● **DATA RECORDS**:

-----

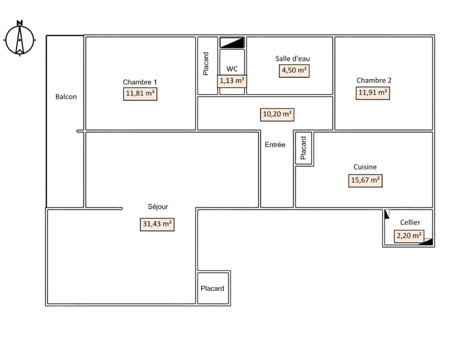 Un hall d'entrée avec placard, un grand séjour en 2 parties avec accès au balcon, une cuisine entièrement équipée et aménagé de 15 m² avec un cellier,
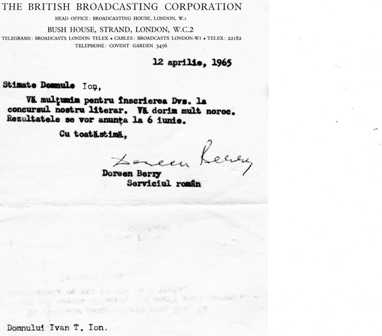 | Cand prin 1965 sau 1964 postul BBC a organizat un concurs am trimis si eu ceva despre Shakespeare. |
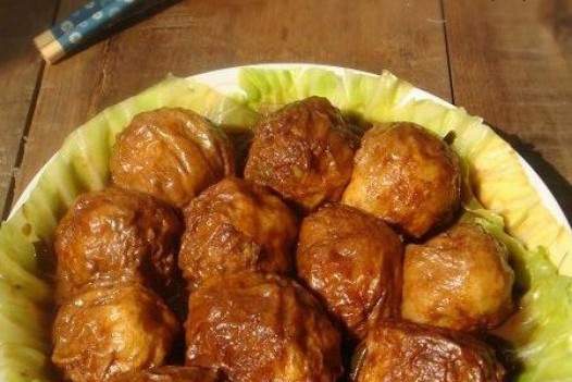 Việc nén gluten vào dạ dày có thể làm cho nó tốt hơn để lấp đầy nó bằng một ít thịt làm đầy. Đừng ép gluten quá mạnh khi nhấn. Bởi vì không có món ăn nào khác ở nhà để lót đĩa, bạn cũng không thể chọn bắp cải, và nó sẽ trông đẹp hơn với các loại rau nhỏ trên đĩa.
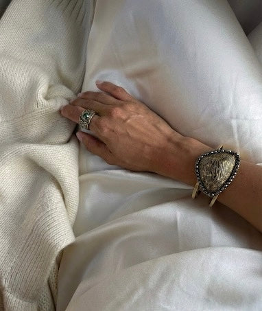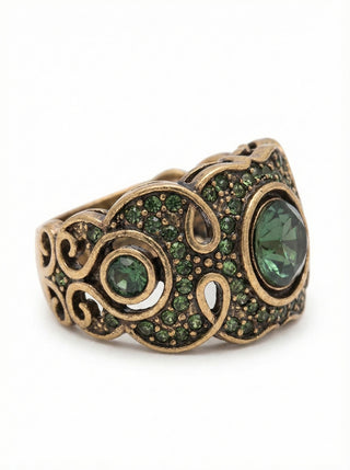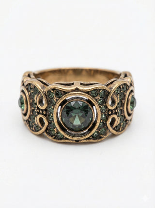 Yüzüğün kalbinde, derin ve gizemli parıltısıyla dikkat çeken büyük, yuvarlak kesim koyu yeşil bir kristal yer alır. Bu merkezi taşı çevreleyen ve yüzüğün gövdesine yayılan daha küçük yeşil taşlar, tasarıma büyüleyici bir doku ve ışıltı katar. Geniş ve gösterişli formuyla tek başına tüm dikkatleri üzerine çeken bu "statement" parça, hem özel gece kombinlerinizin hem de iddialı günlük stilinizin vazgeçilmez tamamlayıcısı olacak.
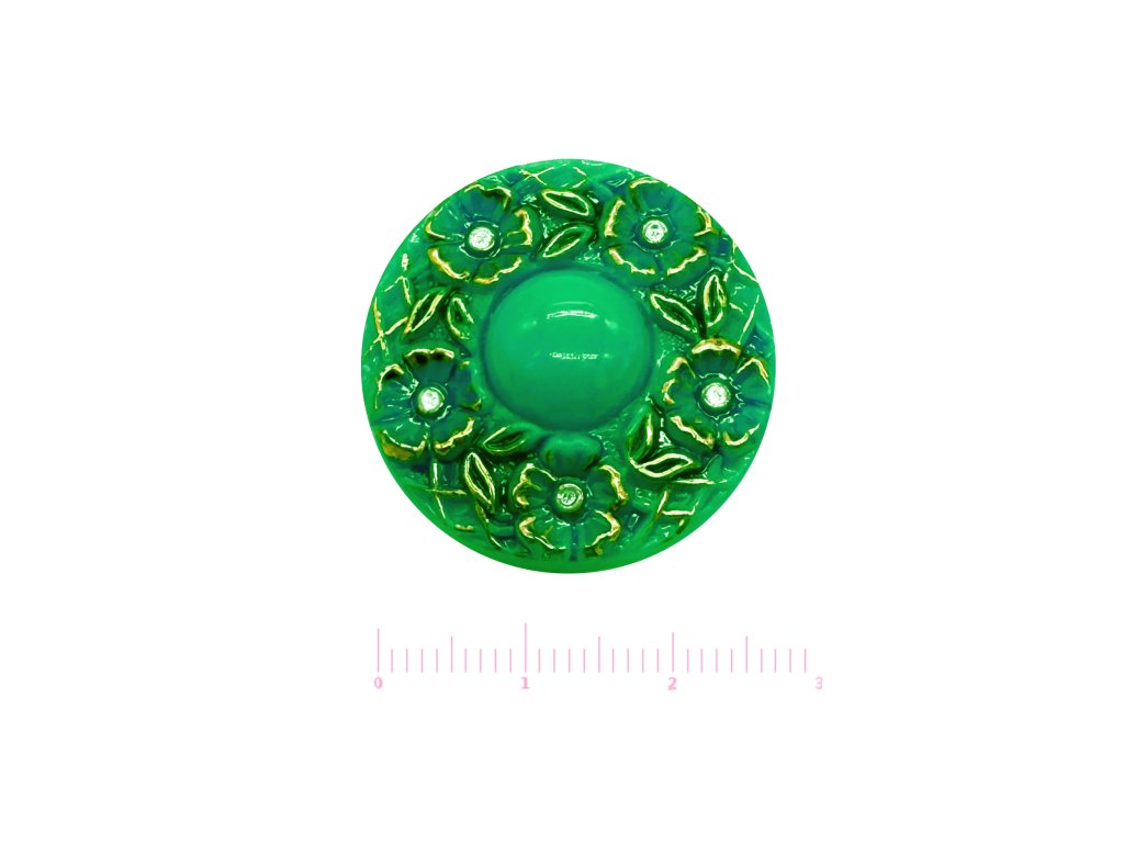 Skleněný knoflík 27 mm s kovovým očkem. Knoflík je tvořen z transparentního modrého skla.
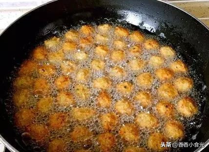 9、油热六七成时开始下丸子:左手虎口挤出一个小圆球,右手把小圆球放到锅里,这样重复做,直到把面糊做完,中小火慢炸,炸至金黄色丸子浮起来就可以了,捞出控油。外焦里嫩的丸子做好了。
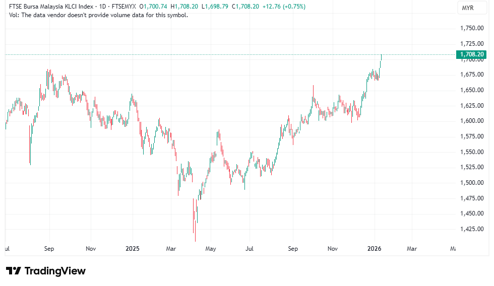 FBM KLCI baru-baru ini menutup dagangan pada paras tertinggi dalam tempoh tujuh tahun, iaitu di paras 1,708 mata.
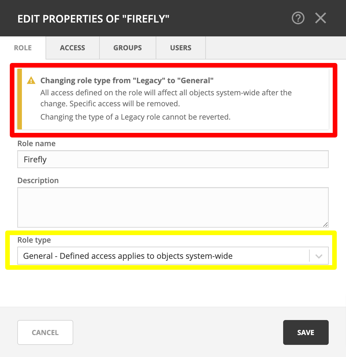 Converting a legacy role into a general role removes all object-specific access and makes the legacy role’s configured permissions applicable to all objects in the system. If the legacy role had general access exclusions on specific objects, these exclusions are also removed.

-----

Return the listing above in full and exactly, omitting all pictures.

● **WRITTEN RESPONSE**:
 Un hall d'entrée avec placard, un grand séjour en 2 parties avec accès au balcon, une cuisine entièrement équipée et aménagé de 15 m² avec un cellier,
 | Cand prin 1965 sau 1964 postul BBC a organizat un concurs am trimis si eu ceva despre Shakespeare. |
 Việc nén gluten vào dạ dày có thể làm cho nó tốt hơn để lấp đầy nó bằng một ít thịt làm đầy. Đừng ép gluten quá mạnh khi nhấn. Bởi vì không có món ăn nào khác ở nhà để lót đĩa, bạn cũng không thể chọn bắp cải, và nó sẽ trông đẹp hơn với các loại rau nhỏ trên đĩa.
 Yüzüğün kalbinde, derin ve gizemli parıltısıyla dikkat çeken büyük, yuvarlak kesim koyu yeşil bir kristal yer alır. Bu merkezi taşı çevreleyen ve yüzüğün gövdesine yayılan daha küçük yeşil taşlar, tasarıma büyüleyici bir doku ve ışıltı katar. Geniş ve gösterişli formuyla tek başına tüm dikkatleri üzerine çeken bu "statement" parça, hem özel gece kombinlerinizin hem de iddialı günlük stilinizin vazgeçilmez tamamlayıcısı olacak.
 Skleněný knoflík 27 mm s kovovým očkem. Knoflík je tvořen z transparentního modrého skla.
 9、油热六七成时开始下丸子:左手虎口挤出一个小圆球,右手把小圆球放到锅里,这样重复做,直到把面糊做完,中小火慢炸,炸至金黄色丸子浮起来就可以了,捞出控油。外焦里嫩的丸子做好了。
 FBM KLCI baru-baru ini menutup dagangan pada paras tertinggi dalam tempoh tujuh tahun, iaitu di paras 1,708 mata.
 Converting a legacy role into a general role removes all object-specific access and makes the legacy role’s configured permissions applicable to all objects in the system. If the legacy role had general access exclusions on specific objects, these exclusions are also removed.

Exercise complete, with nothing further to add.